Not bold. Character formatting does not cross paragraph boundaries.

You can use [[internal links]] or [[http://www.wikicreole.org|external links]],
give the link a [[internal links|different]] name.
^D
## Wiki Creole

You can make things **bold** or *italic* or ***both*** or ***both***.

Character formatting extends across line breaks: \*\*bold, this is still
bold. This line deliberately does not end in star-star.

Not bold. Character formatting does not cross paragraph boundaries.

You can use [internal links](internal links) or [external
links](http://www.wikicreole.org), give the link a
[different](internal links) name.

Example: parsing JSON from an API

This custom reader consumes the JSON output of https://www.reddit.com/r/haskell.json and produces a document containing the current top articles on the Haskell subreddit.

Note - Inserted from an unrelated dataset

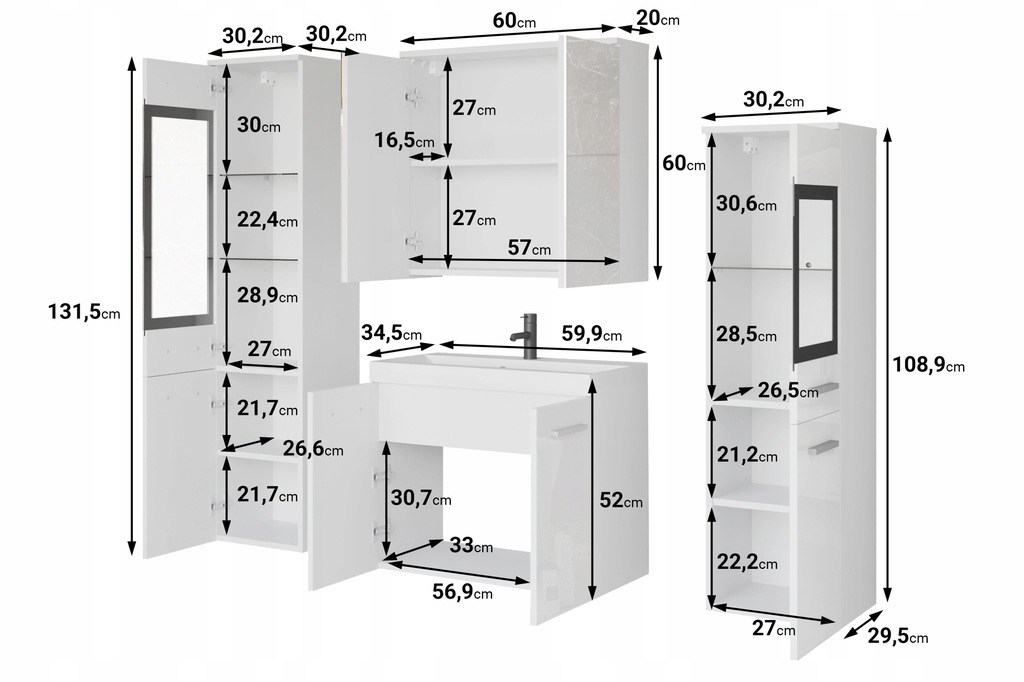 Zestaw Mebli Łazienkowych Madrit II – Biały Połysk, Maksymalna Funkcjonalność
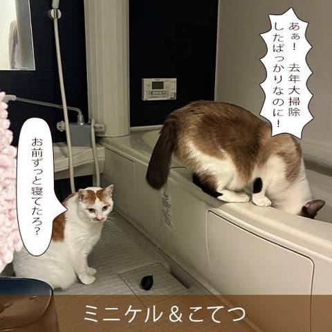 ミニケルちゃん、こてつちゃん、かわゆい♪お風呂場掃除は、ほどほどに日向ぼっこしておいで~♪

It assumes that the luajson library is available. (It can be installed using luarocks install luajson---but be sure you are installing it for Lua 5.3, which is the version packaged with pandoc.)

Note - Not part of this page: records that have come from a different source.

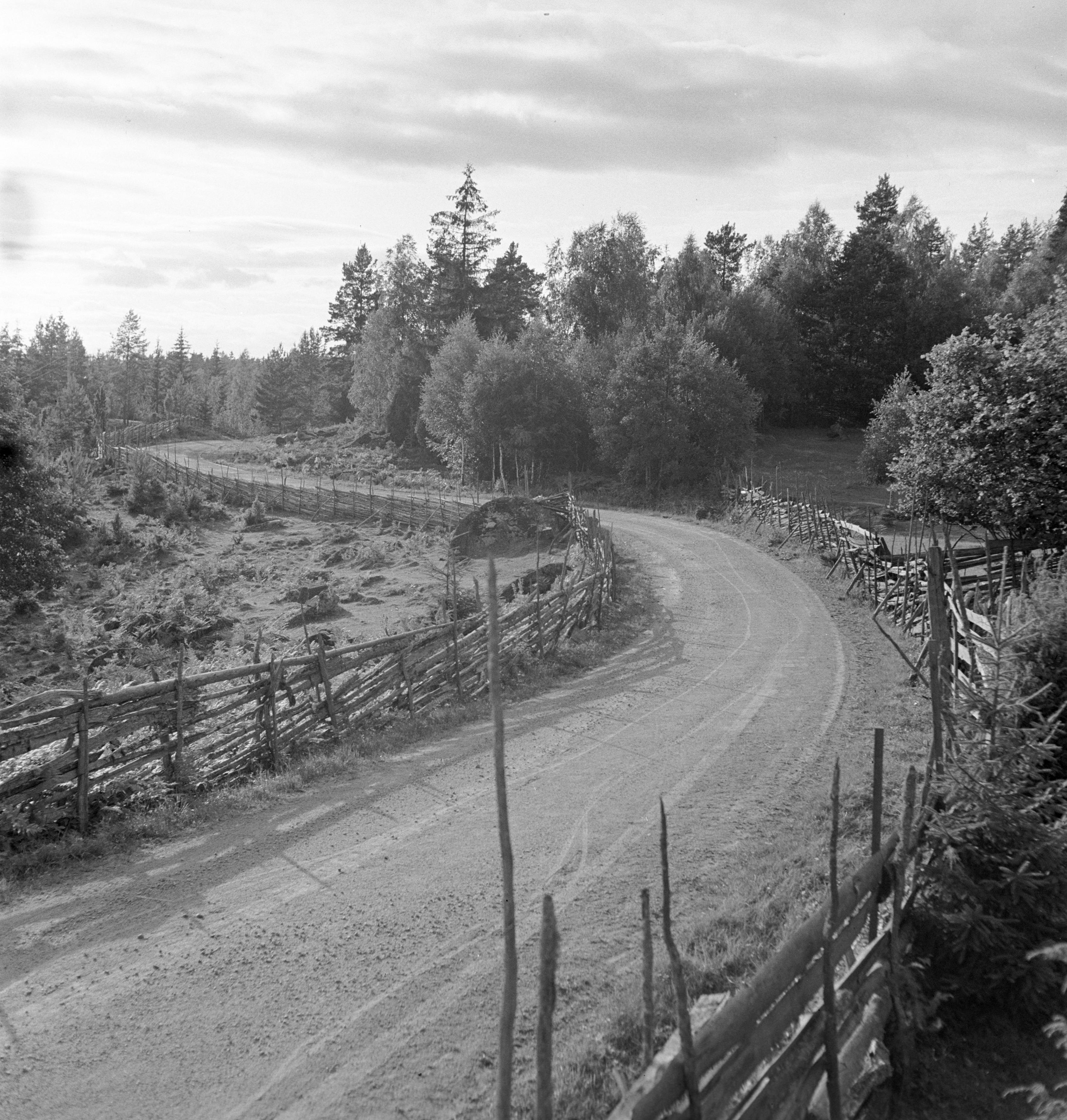 Gammal landsväg med gärdesgårdar. Bilden troligen från 1940-talets första hälft.
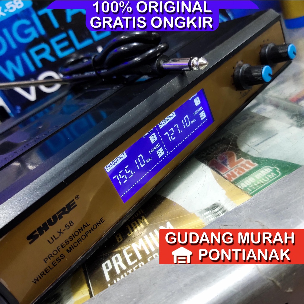 Microphone Double Wireless Merek : SHURE Type : ULX - 58 Channel : 2 Channel Mic Pegang Freq. : UHF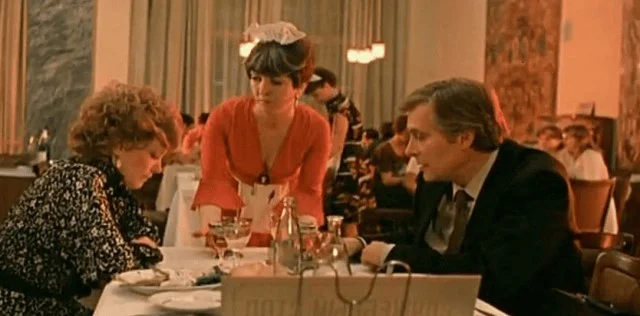 Именно из-за такого обеда поссорились герои фильма "Вокзал для двоих". Всего за рубль-двадцать можно было получить закуску, горячее, десерт и бесплатный напиток - по нынешним меркам невероятно дешево.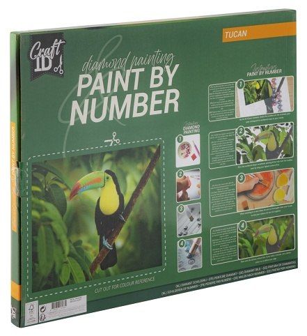 Malování pomocí kamínků Diamond/podle čísel Tukan 40×50 cm. Tento obrázek kombinuje dvě techniky pomocí kamínků a malování podle čísel. Součástí balení vodové barvy, štetec, aplikátor, kamínky a obrázek.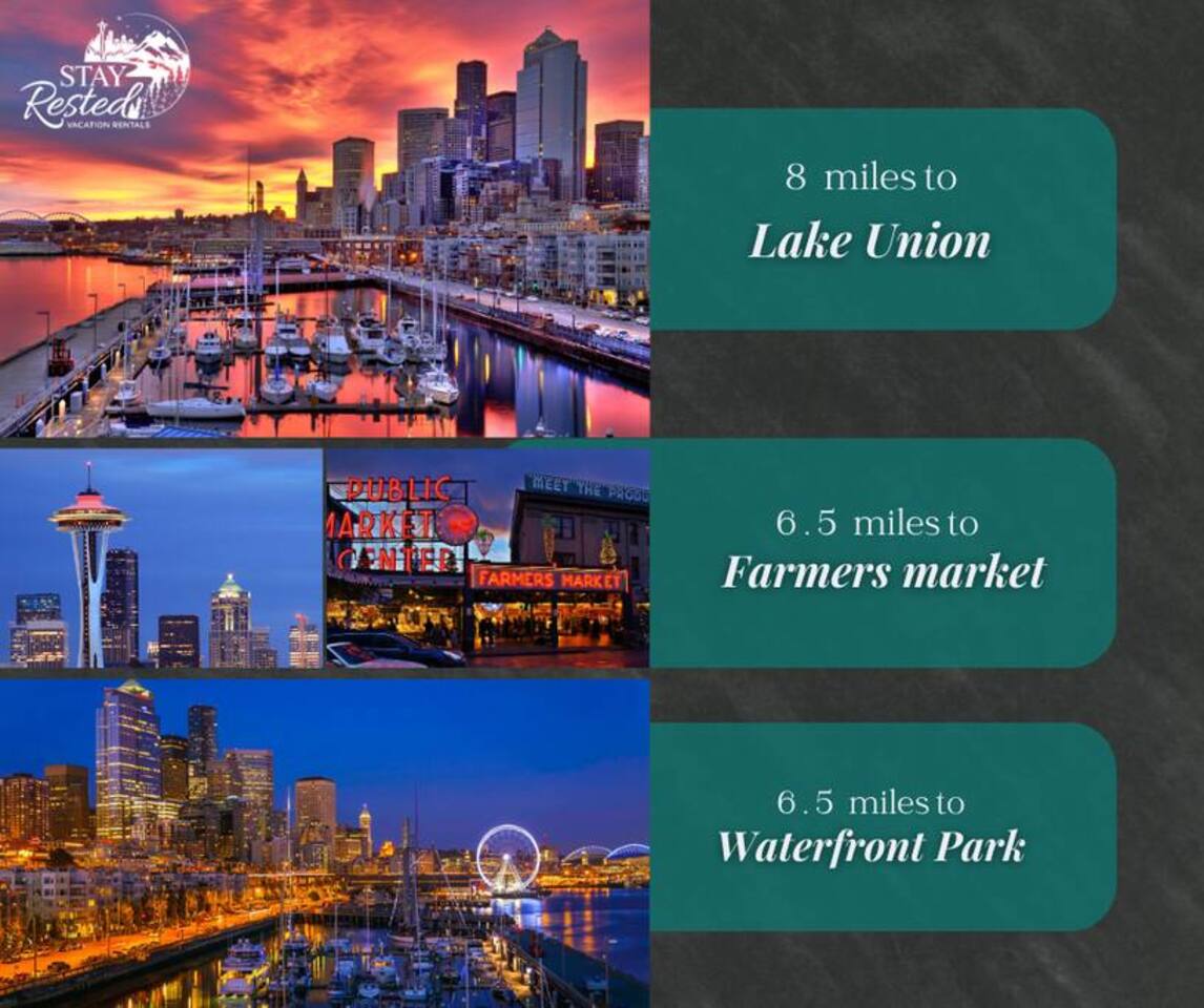๐๐จ๐๐๐ญ๐ข๐จ๐ง & ๐๐๐๐ซ๐๐ฒ ๐๐ญ๐ญ๐ซ๐๐๐ญ๐ข๐จ๐ง๐ฌ This home is conveniently located in Seattle with easy access to major landmarks, attractions, and transport hubs. ๐๐๐๐ญ๐ญ๐ฅ๐โ๐๐๐๐จ๐ฆ๐ ๐๐ง๐ญ๐๐ซ๐ง๐๐ญ๐ข๐จ๐ง๐๐ฅ ๐๐ข๐ซ๐ฉ๐จ๐ซ๐ญ is approximately a 15-minute drive away, making travel simple and convenient. For sports fans and event-goers, Lumen Field is about 5.6 miles away, while T-Mobile Park is also nearby for baseball games and events. Some of Seattleโs most iconic spots are just a short drive away. The Space Needle is approximately 7.5 miles from the home, along with downtown Seattle where youโll find shopping, dining, and waterfront attractions. For those who enjoy the outdoors, Seward Park is around 5 miles away, offering scenic lake views, walking trails, and green spaces. The nearby Georgetown neighborhood is also worth exploring for its local cafes, restaurants, and creative atmosphere. The location offers a great balance of accessibility and comfort, placing you close to the cityโs highlights while staying in a quieter residential area.

-- consumes the output of https://www.reddit.com/r/haskell.json

local json = require'json'  -- luajson must be available

local function read_inlines(raw)
  local doc = pandoc.read(raw, "commonmark")
  return pandoc.utils.blocks_to_inlines(doc.blocks)
end

local function read_blocks(raw)
  local doc = pandoc.read(raw, "commonmark")
  return doc.blocks
end

function Reader(input)

  local parsed = json.decode(input)
  local blocks = {}

  for _,entry in ipairs(parsed.data.children) do
    local d = entry.data
    table.insert(blocks, pandoc.Header(2,
                  pandoc.Link(read_inlines(d.title), d.url)))
    for _,block in ipairs(read_blocks(d.selftext)) do
      table.insert(blocks, block)
    end
  end

  return pandoc.Pandoc(blocks)

end

Similar code can be used to consume JSON output from other APIs.

Note that the content of the text fields is markdown, so we convert it using pandoc.read().